Zero temperature damping of Bose-Einstein condensate oscillations by vortex-antivortex pair creation
Petr O. Fedichev, Uwe R. Fischer, Alessio Recati

TL;DR
This paper studies how vortex-antivortex pairs are created in a 2D Bose-Einstein condensate at zero temperature, leading to nonexponential decay of oscillations, and links this to quantum electrodynamics analogies.
Contribution
It introduces the concept of vortex-antivortex pair creation as a dominant damping mechanism in condensate oscillations at zero temperature.
Findings
Decay of oscillations is nonexponential.
Dissipation rate depends strongly on oscillation amplitude.

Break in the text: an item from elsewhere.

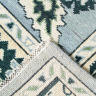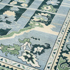 This custom oushak-inspired wool rug is hand woven with a Turkish-style knot by artisans in India. The piece features a light blue background and border with blue and green motifs.

Experimental observation can confirm the hydrodynamical analogy.
Abstract
We investigate vortex-antivortex pair creation in a supersonically expanding and contracting quasi-2D Bose-Einstein condensate at zero temperature. For sufficiently large amplitude condensate oscillations, pair production provides the leading dissipation mechanism. The condensate oscillations decay in a nonexponential fashion, and the dissipation rate depends strongly on the oscillation amplitude. These features allow to distinguish the decay due to pair creation from other possible damping mechanisms. Experimental observation of the predicted oscillation behavior of the superfluid gas provides a direct confirmation of the hydrodynamical analogy of quantum electrodynamics and quantum vortex dynamics in two spatial dimensions.